In catching up in the world of chemical informatics blogs, I see Noel commented on my post last month about SMILES parsing and compression. He also links to commentary by Rajarshi on that paper.

I started to add a comment to that system but it grew, and the markup language support is limited on Blogger/Blogspot, so I moved it here. Imagine the rest of this essay in the context of "adding a comment to Rajarshi's post."

My response to Rajarshi's commentary on Melville et al.

I also tried out the Melville et al. algorithm, though I didn't compare the results to an existing similarity algorithm or result. I was trying to get an idea of when it would fail, and what the implementation would be like.

The paper says

It is easy to see from eq 2 that the form of the NCD makes it impossible for negative distances to occur, as file sizes are always positive and compressing two files together will never make the output smaller than the compressed size of one file.
This isn't correct. For example,
% echo -n "CCO.CCO" | gzip -f | wc -c
      27
% echo -n "CCO.CCO.CCO" | gzip -f | wc -c
      26

  - or without a "." separator -

% echo -n "CCOCCO" | gzip -f | wc -c
      26
% echo -n "CCOCCOCCO" | gzip -f | wc -c
      25
However, failures like that will be rare in real compounds.

I took the first 9999 compounds in the NCI SMILES strings distributed with OpenBabel and tested all of the triangle inequalities After computing the 4,999,500 similarities and 999,700,029,999 tests I found 29 violations. In other words, the zlib/gzip approach rarely violates the triangle inequality .. and computers are amazingly fast these days.

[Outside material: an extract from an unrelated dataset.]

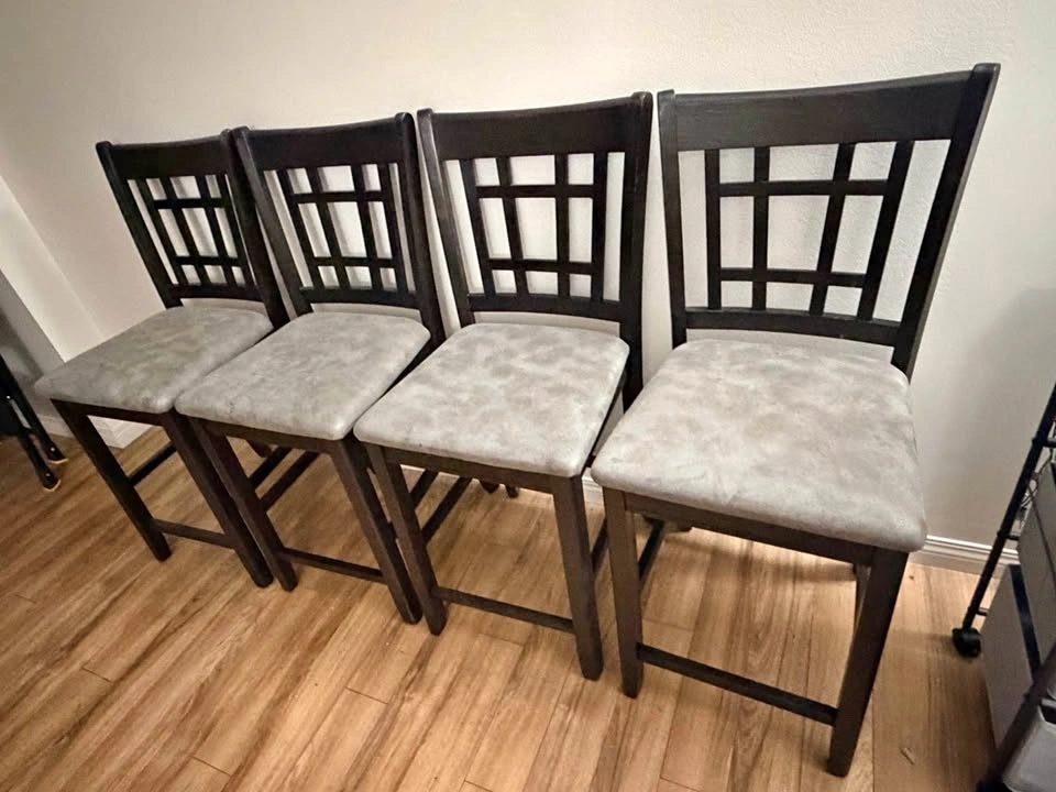 As companions to our recently sold dining table, we're now parting ways with the matching counter stools. Please note some noticeable scratches and spots on the seats that pictures 2 and 3 highlight. Picture 4 showcases the artist. Although we can't confirm the exact brand, picture 5 displays a similar product for your reference. Pickup is near Beltline Safeway.

Using zlib instead of gzip

I did not do those tests with gzip on the command-line. The overhead of starting gzip would have been too much, and inelegant. You (Rajarshi) instead used Python's gzip module, which would save a lot of the time overhead. My choice was to skip gzip completely and go directly to zlib, which gzip uses to do the compression. The gzip output format always includes header and trailer fields (see the gzip spec) so the zlib output should be consistently "better."

Here's Python code. Note that the second "getsize" replaces the first, which I keep for posterity's sake.

import subprocess
impot zlib

# calling gzip on the command-line (slow)
def getsize(s):
  x = subprocess.Popen(["gzip", "-f"], stdin=subprocess.PIPE, stdout=subprocess.PIPE)
  x.stdin.write(s)
  x.stdin.close()
  return len(x.stdout.read())

# using zlib directly
def getsize(s):
  return len(zlib.compress(s))

def dist(a, b):
  n1 = getsize(a); n2=getsize(b)
  return (min(getsize(a+b), getsize(b+a)) - min(n1,n2))/float(max(n1,n2))
and for fun, Ruby code that starts to do the same thing
require 'zlib';
z = Zlib::Deflate.new();
s = z.deflate("c1ccccc1O", Zlib::FINISH);
s.size
I included this Ruby code because the authors of the paper used Ruby for their testing. The zlib module is trivially available to Ruby, Python and Java and likely Perl as well, as part of the normal install. I don't think there's big need to go though the command-line version to do the calculations.

Failures

As I said, some compounds fail. Here are a few:

x = S(Sc1c([N+](=O)[O-])cc([N+](=O)[O-])cc1)c1c([N+](=O)[O-])cc([N+](=O)[O-])cc1
y = N(C(C)=O)c1ccc(C(CCl)=O)cc1
z = C(C(C)=O)c1ccc([N+](=O)[O-])cc1
             dist(x,y), dist(x,z), dist(z,y)
using zlib: 0.714285714286 0.27027027027 0.432432432432
using gzip: 0.531914893617 0.204081632653 0.326530612245


x = S(Cc1ccccc1)(=O)(=O)c1ccc(C)cc1
y = O(CCO)c1c(Cl)cc(Cl)cc1
z = C(CC)(=O)c1ccc(C)cc1
             dist(x,y), dist(x,z), dist(z,y)
zlib: 0.642857142857 0.214285714286 0.428571428571
gzip: 0.45 0.15 0.3


x = C([C@@H](C(OCC)=O)C(C)=O)C(OCC)=O
y = C([C@@](C(C)(C)C)(C(=O)O)C)C(C)(C)C
z = C([C@@H](C(=O)O)C)C(C)(C)C
             dist(x,y), dist(x,z), dist(z,y)
zlib: 0.58064516129 0.34375 0.21875
gzip: 0.418604651163 0.25 0.159090909091

Why use compression as a similarity score?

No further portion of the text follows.